Hierarchical firewall policies let you create and enforce a consistent firewall policy across your organization. You can assign hierarchical firewall policies to the organization as a whole or to individual folders. These policies contain rules that can explicitly deny or allow connections, as do Virtual Private Cloud (VPC) firewall rules. In addition, hierarchical firewall policy rules can delegate evaluation to lower-level policies or VPC network firewall rules with a goto_next action.

Lower-level rules cannot override a rule from a higher place in the resource hierarchy. This lets organization-wide admins manage critical firewall rules in one place.

Specifications

  • Hierarchical firewall policies are created at organization and folder nodes. Creating a policy does not automatically apply the rules to the node.
  • Policies, once created, can be applied to (associated with) any nodes in the organization.
  • Hierarchical firewall policies are containers for firewall rules. When you associate a policy with the organization or a folder, all rules are immediately applied. You can swap policies for a node, which atomically swaps all the firewall rules applied to virtual machine (VM) instances under that node.
  • Rule evaluation is hierarchical based on resource hierarchy. All rules associated with the organization node are evaluated, followed by those of the first level of folders, and so on.
  • Hierarchical firewall policy rules have a new goto_next action that you can use to delegate connection evaluation to lower levels of the hierarchy.
  • Hierarchical firewall policy rules can be targeted to specific VPC networks and VMs by using target resources for networks and target service accounts for VMs. This lets you create exceptions for groups of VMs. Hierarchical firewall policy rules do not support targeting by instance tags.
  • Each hierarchical firewall policy rule can include either IPv4 or IPv6 ranges, but not both.
  • To help with compliance and debugging, firewall rules applied to a VM instance can be audited by using the VPC network details page and the VM instance's network interface details page.

Resource hierarchy

You create and apply firewall policies as separate steps. You can create and apply firewall policies at the organization or folder nodes of the resource hierarchy. A firewall policy rule can block connections, allow connections, or defer firewall rule evaluation to lower-level folders or VPC firewall rules defined in VPC networks.

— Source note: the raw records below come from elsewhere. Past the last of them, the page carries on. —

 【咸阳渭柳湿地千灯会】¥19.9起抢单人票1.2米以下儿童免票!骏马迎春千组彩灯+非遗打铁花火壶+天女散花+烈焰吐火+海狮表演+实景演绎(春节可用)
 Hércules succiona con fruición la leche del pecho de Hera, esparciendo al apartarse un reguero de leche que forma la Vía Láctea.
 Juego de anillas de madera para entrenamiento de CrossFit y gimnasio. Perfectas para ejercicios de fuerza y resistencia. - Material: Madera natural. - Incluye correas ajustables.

  • Organization is the top-level node in the resource hierarchy in Google Cloud where you can create or associate hierarchical firewall policies. All folders and VPC networks in the organization inherit this policy.

  • Folders are mid-level nodes in the Google Cloud resource hierarchy, between the organization and projects, where you can create or assign hierarchical firewall policies. All folders and VPC networks in a folder inherit its associated policy.

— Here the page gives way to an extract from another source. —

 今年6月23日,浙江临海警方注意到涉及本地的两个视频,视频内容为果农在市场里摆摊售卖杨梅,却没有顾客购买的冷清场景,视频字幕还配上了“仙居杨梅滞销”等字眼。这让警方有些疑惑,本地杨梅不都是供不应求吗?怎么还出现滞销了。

  • A project lives under a folder or the organization. You can move projects between nodes in an organization. Projects contain VPC networks. Hierarchical firewall policies cannot be assigned to projects, only to the organization or folders.

  • A VPC network is the Google Cloud partition for isolated internal IP space communication. This is the level at which routes, network firewall policies, and traditional VPC firewall rules are specified and applied. Hierarchical firewall policy rules can override or delegate connection evaluation to global network firewall policies and rules.

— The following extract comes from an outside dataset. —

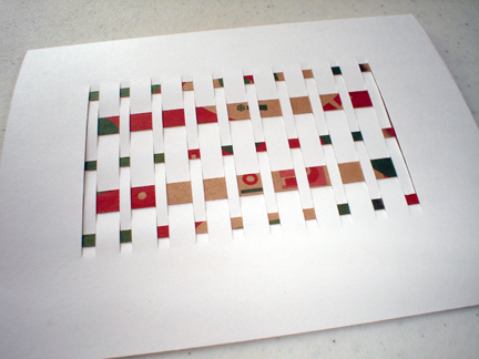 I got the idea for these fun little cards from a tutorial on Crafty Leftovers.com and couldn’t resist making making a special few to give away for Christmas. Once I got all the cutting done, the weaving went fairly quickly. It was a lot of fun to create different patterns and I like the back just as much as the front. These cards veer off from the tutorial just a bit which only goes to show how much variation can be achieved.
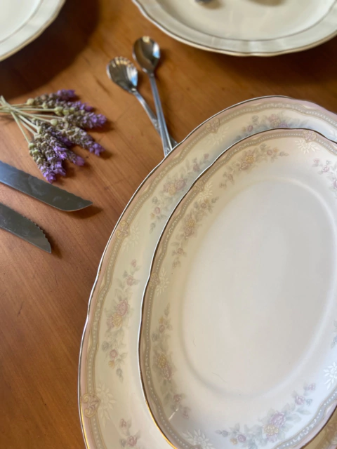 Duo de travessas com delicada decoração floral em tons pastéis e filetes dourados.

By default, all hierarchical firewall policy rules apply to all VMs in all projects under the organization or folder where the policy is associated. However, you can restrict which VMs get a given rule by specifying target networks or target service accounts.

The levels of the hierarchy at which firewall rules can now be applied are represented in the following diagram. The yellow boxes represent hierarchical firewall policies that contain firewall rules, while the white boxes represent VPC firewall rules.

Hierarchical firewall policies containing rules (yellow boxes)
        at the organization and folder levels and VPC firewall
        rules at the VPC network level
Hierarchical firewall policies containing rules (yellow boxes) are applied at the organization and folder levels. VPC firewall rules are applied at the VPC network level.

Hierarchical firewall policy details

Hierarchical firewall policy rules are defined in a firewall policy resource that acts as a container for firewall rules. The rules defined in a firewall policy are not enforced until the policy is associated with a node (an organization or a folder).

A single policy can be associated with multiple nodes. If you modify a rule in a policy, that rule change applies to all currently associated nodes.

Only one firewall policy can be associated with a node. Hierarchical firewall policy rules and VPC firewall rules are evaluated in a well-defined order.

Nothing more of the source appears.